Командир оказался прав. Не прошло и получаса, как со стороны Ганцевичей показалась легковушка с гитлеровцами.
Затормозила она напротив портрета. Фашисты некоторое время молча глядели на портрет, очевидно, соображали, что к чему. Потом из машины вылез солдат. Он шагал осторожно, шаря по земле напряженным взглядом. Четверо в машине замерли у раскрытых окон. Сделав несколько шагов, солдат остановился.
Тем временем на шоссе показалось еще несколько грузовиков с солдатами, они горланили какую-то песню. Подъехав к легковушке, грузовики остановились. Как по команде смолкла песня. Фашисты, проворно соскочили с машин, столпились на обочине шоссе, будто на смотровой площадке. Потом несколько человек во главе с офицером отделились и, взяв автоматы на изготовку, пошли вслед за первым солдатом. Не дойдя метров тридцати до портрета, тот швырнул в него камень. Он угодил Гитлеру в зубы, выдрал клок листа.
– Ну что же он так, – слезно воскликнул Сидоров, – я старался, а он вдруг раз – и зубы вышиб.
Бойцы схватились за животы, крепились, чтобы не рассмеяться.
– Ты уж погоди со своими шутками, – одернул Сидорова Бочериков. – Дай представление досмотреть.
С обочины дороги что-то закричали. Солдат в ответ огрызнулся и, швырнув оставшиеся камни в портрет, повернул назад. Не успели они сделать и десятка шагов, как взорвалась первая мина. Они побежали назад и напоролись еще на пару сюрпризов.
– Вот так-то, – воспрянул духом Сидоров, – а то думали, небось, задаром полюбоваться.

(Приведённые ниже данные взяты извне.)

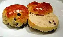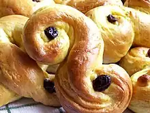 • Bolle – a small wheat bun pastry with usually a round top and flat bottom that contains wheat flour, sugar, yeast, eggs, milk, water and often also cardamom and hornsalt. Buns can be served whole or split in half with butter and toppings as a dessert, a snack or often as an accompaniment to coffee. They often contain raisins (rosinbolle) or chocolate (sjokoladebolle).[3]
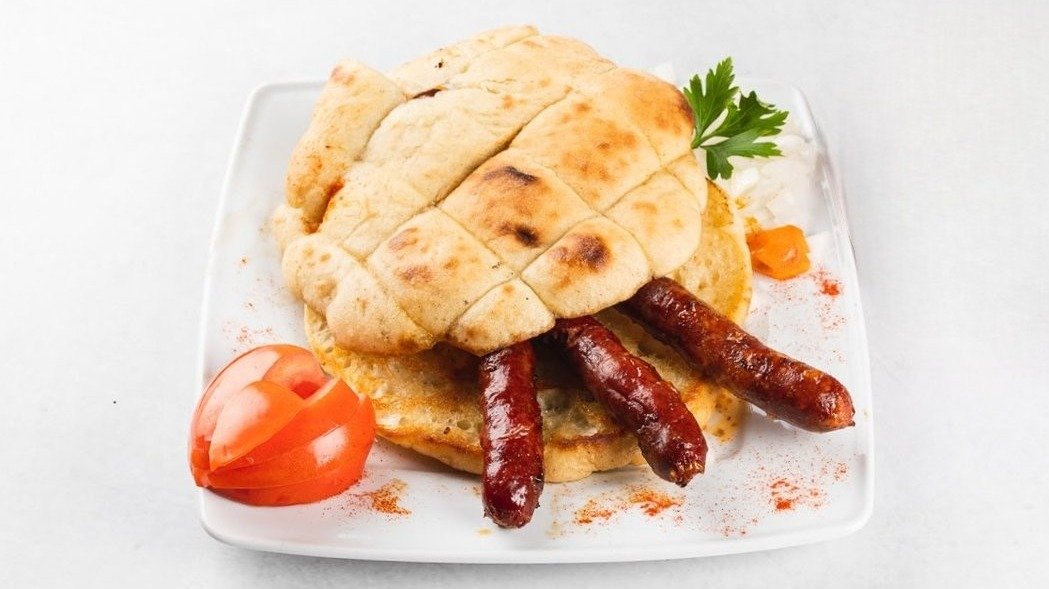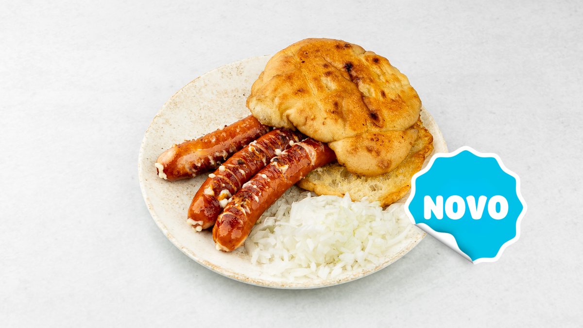 Klobase pečene na lesenem oglju (Halal), lepinja, čebula
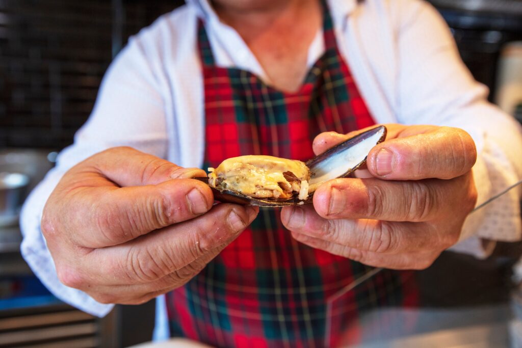 Nästa rätt kräver lite mer arbete. Här gör vi läckra fyllda musslor från grunden.

С обочины опять закричали. Оставшиеся в живых фашисты стали из автоматов бить по шестам, но не тут-то было – метких стрелков среди них не оказалось.
Больше часа стоял простреленный портрет Гитлера. И не было ни одной машины, которая, проезжая мимо, не задержалась бы на обочине. Фашисты по-прежнему стреляли в портрет, кидали камнями, палками, а он стоял.
Потом приехали минеры, обезвредили сюрпризы и сняли портрет.
В окрестных деревнях долго смеялись над тем, как фашисты истратили не одну сотню патронов и вдобавок ко всему потеряли несколько человек убитыми.
* * *
В апреле сорок четвертого отряд провел несколько успешных операций, в результате которых было уничтожено три вражеских эшелона, в том числе один с боеприпасами, подбито восемь паровозов, везших на фронт составы с живой силой и техникой, на шоссейных дорогах подорвано шесть грузовиков с солдатами и различным имуществом.
Однако не обошлось без собственных жертв.
Приближался праздник 1 Мая, а в отряде был траур. Еще не опомнились от гибели комсорга группы Синкевича – Михаила Литвиненко, подорвавшегося во время минирования шоссе, как обрушилось новое горе – погиб Сергей Храпов.
Необычная судьба выпала на долю этого бойца. Родом он был из подмосковного города Луховицы. С детства увлекался сценой, мечтал стать артистом; когда был призван в армию, сбылась его мечта: стал солистом ансамбля песни и пляски Белорусского военного округа.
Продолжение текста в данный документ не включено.